I never expected to end my days in a barren land. I, who always took pride in keeping a flourishing garden. I came here looking for something, I´ll admit, and in a way, it seems I found it.
On the third day I stumbled upon it, the grave I mean. It´s a sad story; simple wooden cross, once painted in cheap colour, now withered and worn down by the endless wind that roams these lands. Some sort of inscription I believe, but of course it can´t be deciphered now; fairy letters on milky mist.
I touch the cross. Run my fingers along the creases and crevasses of the dry, dead wood, and it seems to communicate with me, someone´s story pouring into me, eager to be heard.

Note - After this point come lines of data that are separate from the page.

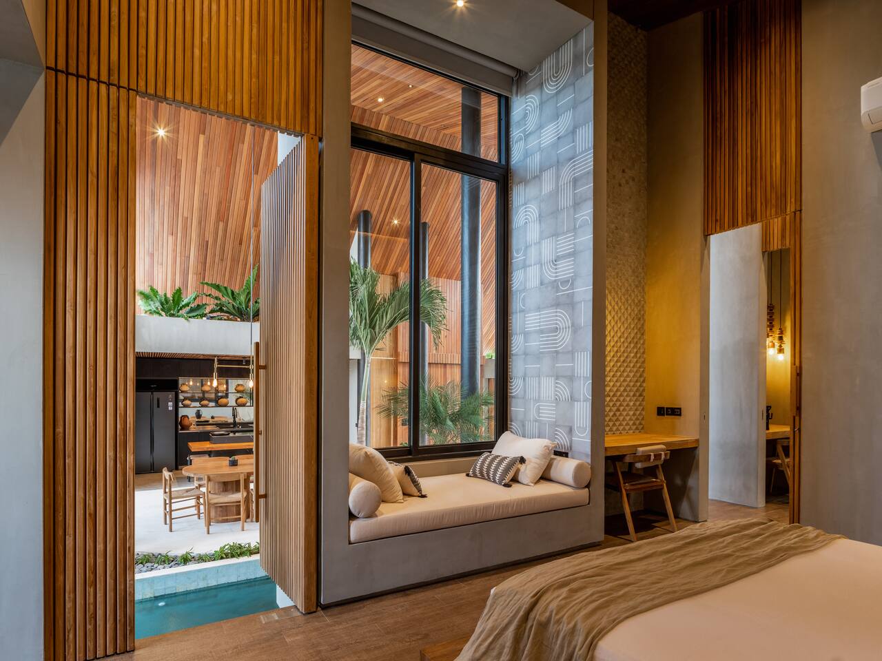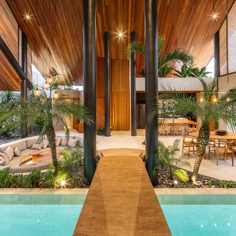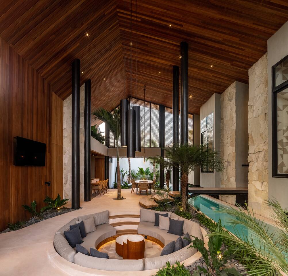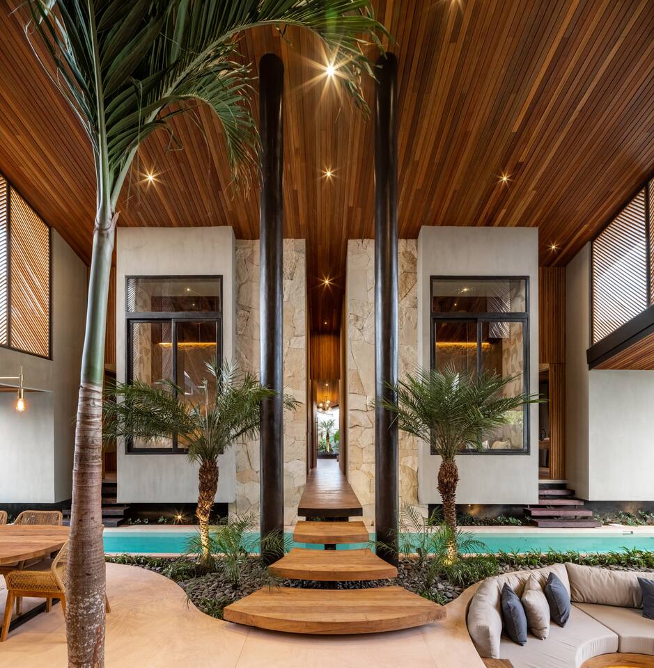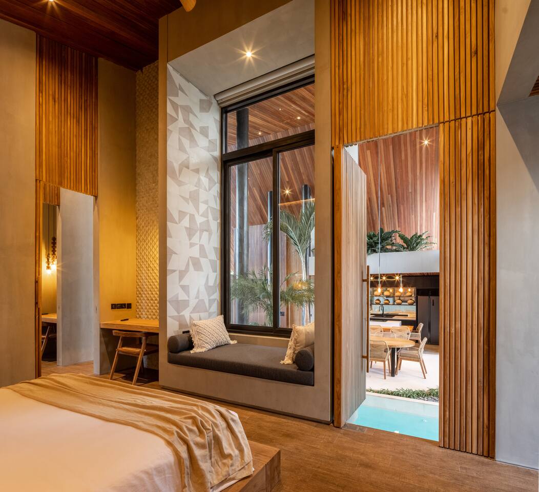 This listing includes three separate 3-bedroom villas. Each villa is identical in design and offers: 400 square meters of private land, structured around a tranquil 25-meter pool, with a wooden bridge connecting two distinct wings: Living Wing – Sunken lounge with modular seating and Bluetooth audio – Elegant dining space with natural light – Fully equipped kitchen with premium appliances Sleeping Wing – Master suite with king bed, circular soaking tub and private indoor-outdoor bath – Two guest rooms with king beds, open-air en-suites and direct pool access The architecture blends organic materials—wood, stone and water—to create a gentle, open flow ideal for rest and focus. Together, the villas offer shared privacy and space, ideal for large families, friend groups, retreats or celebrations.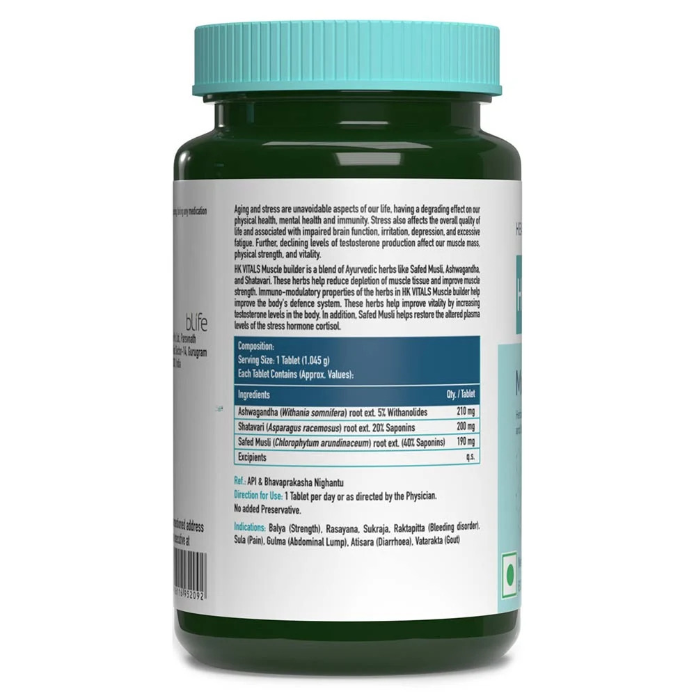 - 100% Natural: Muscle builder is 100% natural and a perfect blend of Ayurvedic herbs like Safed Musli, Ashwagandha, and Asparagus that help increase your muscle mass and physical strength, improve your immunity, vitality, and overall quality of life.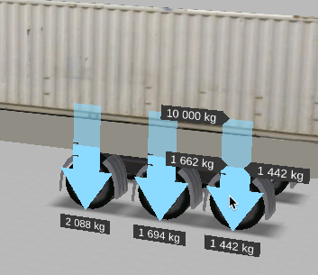 Mavi oklar, yükün dengesiz dağıldığı durumlarda ortaya çıkan negatif yükü gösterir – örneğin, yük alanının bir tarafındaki ağırlık, kaldıraç etkisiyle diğer tarafın yükselmesine neden olduğunda.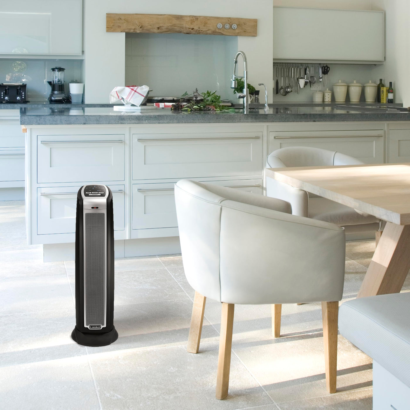 The Lasko 5790 Oscillating Ceramic Tower Heater, With Remote Control, Offers Safe Warmth On Chilly Days. Designed For Home Or Office Use, This Ceramic Tower Heater Takes Up Very Little Space Yet Can Warm An Entire Room. The Patented Blower Technology And Widespread Oscillation Propels Warmth Evenly Throughout The Room. With Its Electronic Thermostat, Two Comfort Settings And Energy-Saving Timer, Keeping The Desired Temperature On Your Schedule Is Simple With This Heater.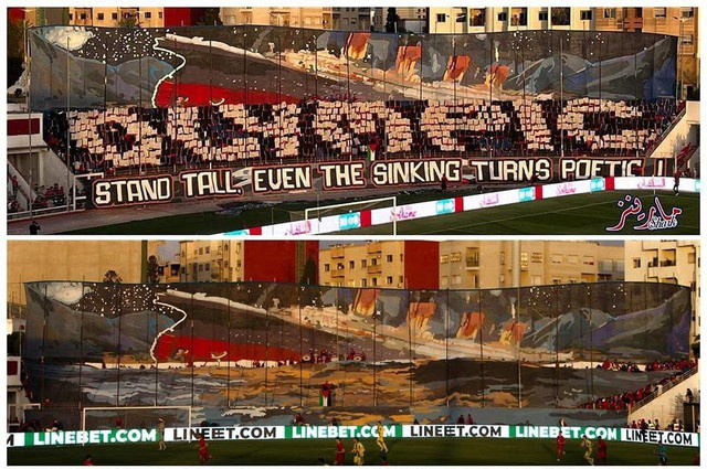 Начнем сегодняшний обзор с экзотической Африки, а если точнее, то с фанатов марокканского клуба «Олимпик» из города Сафи, которых мы уже как-то вспоминали с их шикарным перфомансом про легендарный нокаут Майка Тайсона. В этот раз они представили новую композицию: на домашней игре против «Магреба» (Фес) ультрас «Олимпика» представили фантастическое тройное хорео, посвященное крушению легендарного «Титаника». Первой частью стало модульное шоу, которое гласило «Трибуна «Олимпика» возвышается и даже погружение становится завораживающим». Все это происходило на фоне баннера с самой известной морской катастрофой в истории человечества — после того, как плашки убрали, на их место пришел огромный баннер, изображающий темные воды Атлантического океана.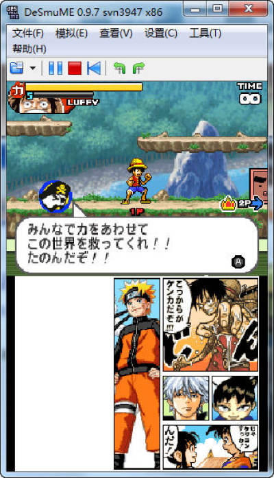 这款游戏由任天堂与日本集英社合作制作发行,路飞、黑崎一护、漩涡鸣人等等大家耳熟能详的漫画人物齐聚一堂开始大乱斗。游戏总共整合了YOUNGJUMP中共40部作品超过300名角色搬上NDS平台。每一个都是人气明星,每一个都是耳熟能详。

She came here with expectations, promised a life improved. A man I assume, dazzling her with the prospect of a house, a family, a life. She must have been a daft creature to settle for that, to agree to come here to these impossible outlands in search of nothing more. And then something went wrong. An argument. A quarrel. A brutal and shocking ending. Some digging and here she lies.

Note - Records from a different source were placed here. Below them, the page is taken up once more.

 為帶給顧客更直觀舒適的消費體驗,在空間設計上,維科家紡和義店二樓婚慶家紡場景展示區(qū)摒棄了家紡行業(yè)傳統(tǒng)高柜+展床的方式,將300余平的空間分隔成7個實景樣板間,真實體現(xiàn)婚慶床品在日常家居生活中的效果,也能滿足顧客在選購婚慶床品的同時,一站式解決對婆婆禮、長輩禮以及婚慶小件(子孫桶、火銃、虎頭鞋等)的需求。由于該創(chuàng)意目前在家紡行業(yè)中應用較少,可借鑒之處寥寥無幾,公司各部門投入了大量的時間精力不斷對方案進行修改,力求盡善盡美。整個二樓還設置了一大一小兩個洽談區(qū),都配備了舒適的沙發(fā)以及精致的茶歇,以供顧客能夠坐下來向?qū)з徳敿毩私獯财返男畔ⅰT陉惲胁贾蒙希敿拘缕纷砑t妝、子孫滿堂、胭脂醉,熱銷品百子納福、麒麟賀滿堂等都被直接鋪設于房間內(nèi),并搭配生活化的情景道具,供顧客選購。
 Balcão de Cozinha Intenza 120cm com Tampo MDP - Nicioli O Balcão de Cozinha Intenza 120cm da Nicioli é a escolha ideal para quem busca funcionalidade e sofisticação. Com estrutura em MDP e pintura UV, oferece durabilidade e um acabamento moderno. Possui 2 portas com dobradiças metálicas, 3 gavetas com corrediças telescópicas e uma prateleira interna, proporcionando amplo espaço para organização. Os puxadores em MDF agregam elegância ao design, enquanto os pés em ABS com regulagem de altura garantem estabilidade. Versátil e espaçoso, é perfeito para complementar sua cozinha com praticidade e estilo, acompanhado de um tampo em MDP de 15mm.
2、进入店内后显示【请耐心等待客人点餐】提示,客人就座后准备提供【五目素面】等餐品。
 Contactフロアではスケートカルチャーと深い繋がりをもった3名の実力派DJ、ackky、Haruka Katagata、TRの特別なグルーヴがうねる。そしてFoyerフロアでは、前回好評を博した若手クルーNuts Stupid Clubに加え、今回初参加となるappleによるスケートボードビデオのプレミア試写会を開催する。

But why the cross? Why bother with that kind of civilized detail? He must have had regrets, I imagine. Maybe he was seduced by their dreamed-up prospects too, maybe more than her life ended in this godforsaken grave?
And here I lie. On barren land, my hands on the cross. She had such lovely, glossy curls, all covered in sand now. I wish I´d have had one of the roses from my childhood summers to put on her grave, but they´re all long since gone. No one will rise a cross for me but hers will suffice for both of us. In a way it´s a comforting thought.
The sun is very present here, the sun and the wind, with me. Always.